Statistisches Bundesamt

DESTATIS: Nachfrage nach Erziehungsberatung stieg im Jahr 2000 weiter an

        Wiesbaden (ots) - Wie Destatis, das Statistische Bundesamt,
mitteilt, haben im Jahr  2000 insgesamt 274 600 junge Menschen unter
27 Jahren eine  Erziehungsberatung beendet, das waren knapp 3 % mehr
als 1999 (267  000). In zwei Dritteln aller Fälle (183 700) dauerte
die Beratung  weniger als 6 Monate.

  Diese Hilfen werden von Erziehungsberatungsstellen und anderen  
Beratungsdiensten angeboten, um Jugendliche bei der Bewältigung von  
Schwierigkeiten und Konflikten zu unterstützen, die sie nicht allein
oder in ihren Familien lösen können.

  In mehr als 81 % (223 000) aller Fälle nahmen die Eltern bzw. ein  
Elternteil Kontakt zu den Beratungsstellen auf. Fast 8 % der  
Jugendlichen suchten aus eigener Initiative den Weg in die  
professionelle pädagogische Beratung oder Therapie; davon waren 57 %
zwischen 15 und 21 Jahre alt. Gut zwei Drittel aller Selbstmelder
(67  %) waren Mädchen bzw. junge Frauen.

  91 % der jungen Menschen, die eine Erziehungsberatung beendet haben,
lebten bei ihren Eltern, bei einem Elternteil mit Stiefelternteil  
bzw.

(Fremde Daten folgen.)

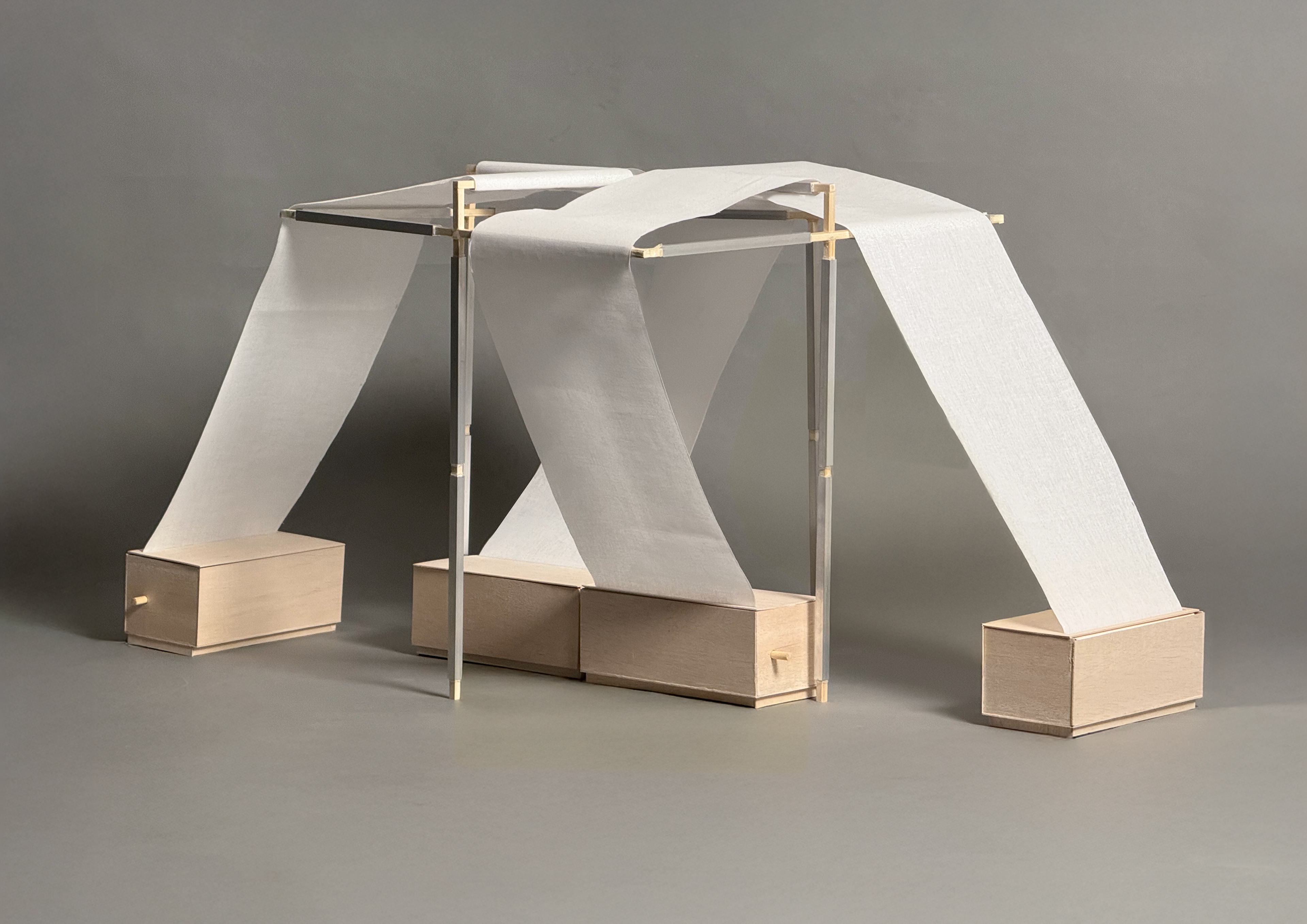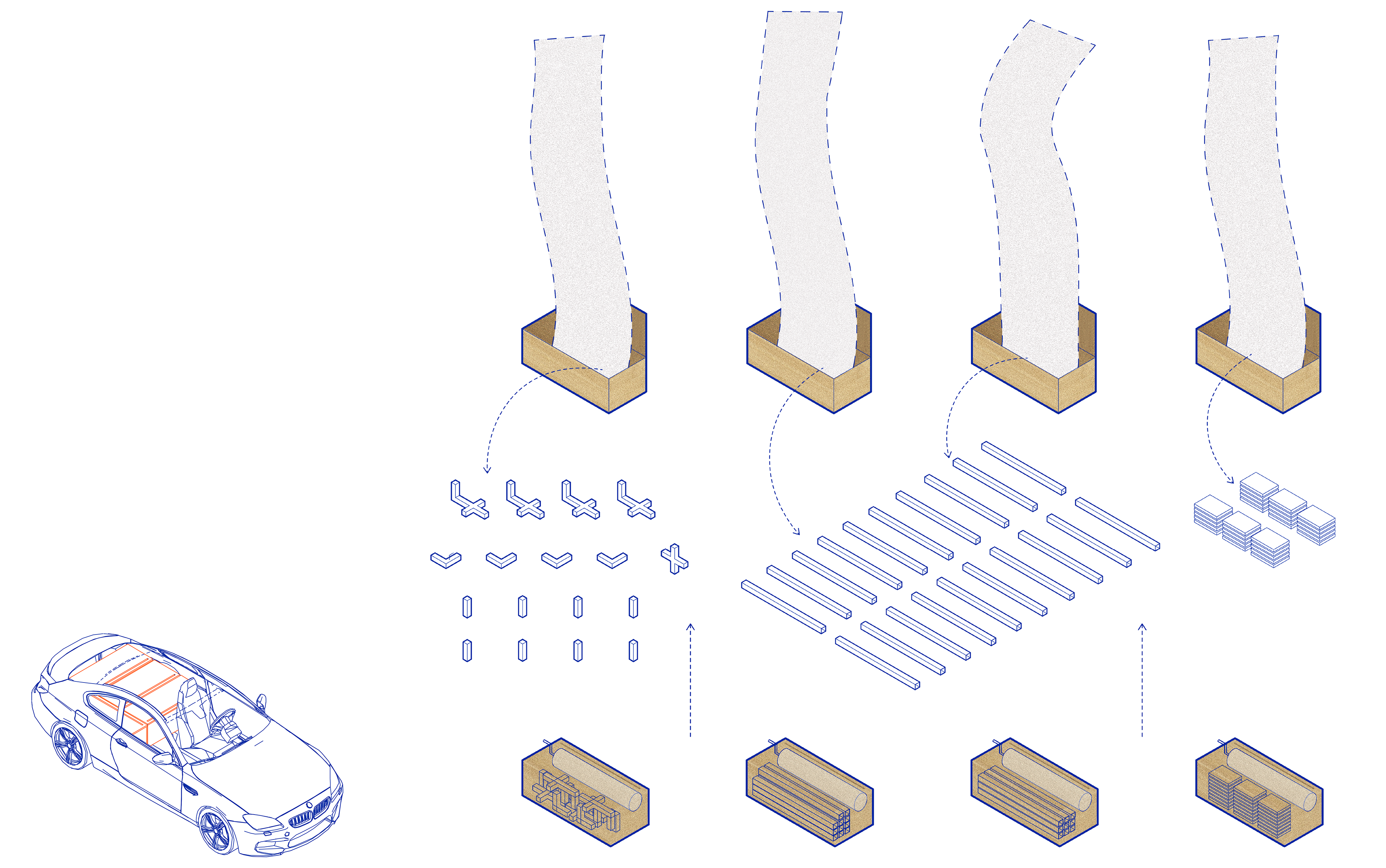 The stand is built entirely from components stored in transportable boxes, which can fit in a standard car. These boxes not only contain all necessary elements but also form part of the stand’s structure, supporting the fabric and enabling various spatial configurations, even extending beyond the main structure. The fabric is rolled inside the boxes and can be pulled out to create the canopy, adapting to different uses depending on its position. This flexibility allows for a dynamic, expanding space.

Partner oder nur mit einem Elternteil zusammen. 42 % (117 400)  
der Beratenen stammten aus Familien mit zwei Kindern.

  Über den Anlass der Beratung konnten bis zu zwei Angaben gemacht  
werden. In erster Linie wurden Beziehungsprobleme (40 %) als Ursache
genannt, gefolgt von Schul- bzw. Ausbildungsproblemen (28 %) sowie  
Scheidung oder Trennung der Eltern (21 %).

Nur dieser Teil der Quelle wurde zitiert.